### Dataset records
= = = = =

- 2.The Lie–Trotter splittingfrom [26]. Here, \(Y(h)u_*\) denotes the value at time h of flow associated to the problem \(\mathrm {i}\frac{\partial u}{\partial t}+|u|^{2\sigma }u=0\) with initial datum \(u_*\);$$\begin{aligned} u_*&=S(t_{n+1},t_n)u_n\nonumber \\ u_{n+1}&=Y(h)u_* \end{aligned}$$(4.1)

= = = = =

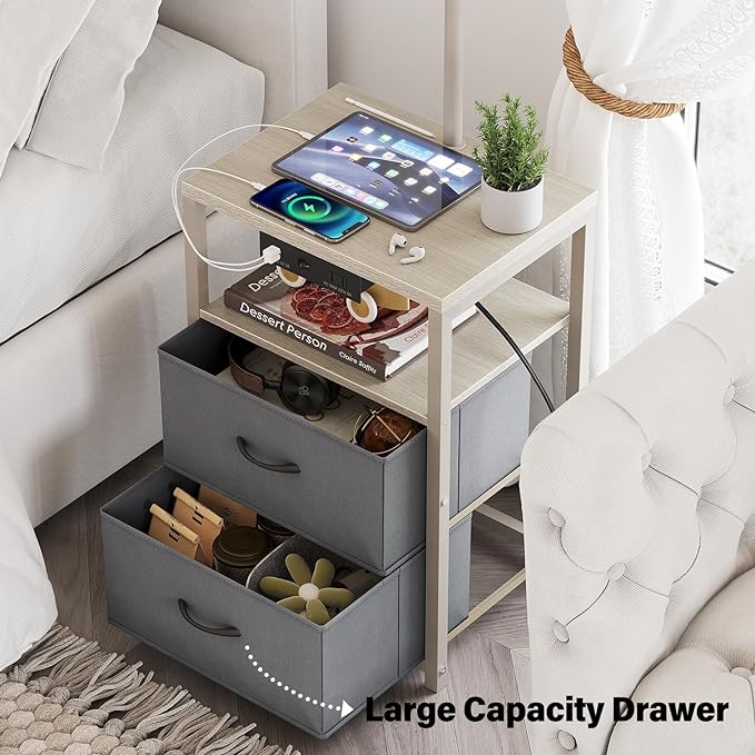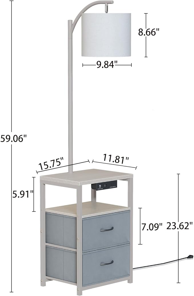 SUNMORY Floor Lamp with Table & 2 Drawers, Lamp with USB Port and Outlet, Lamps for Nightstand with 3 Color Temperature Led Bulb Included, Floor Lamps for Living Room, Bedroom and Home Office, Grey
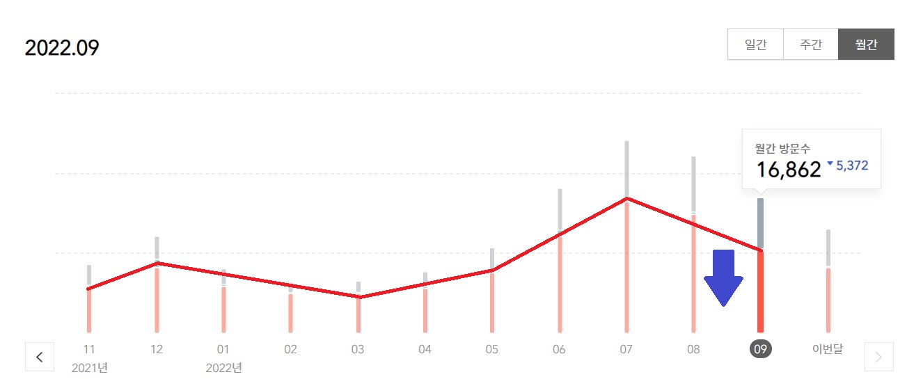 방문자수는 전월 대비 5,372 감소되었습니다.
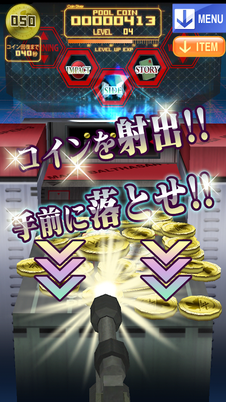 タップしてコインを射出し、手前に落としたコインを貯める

= = = = =

### Try it
Take the lines above starting at the one containing "방문자수는 전월 대비 5,372 감소되었습니다." and ending at the one containing "タップしてコインを射出し、手前に落としたコインを貯める", and print them again exactly, without pictures.

### Completed task
 방문자수는 전월 대비 5,372 감소되었습니다.
 タップしてコインを射出し、手前に落としたコインを貯める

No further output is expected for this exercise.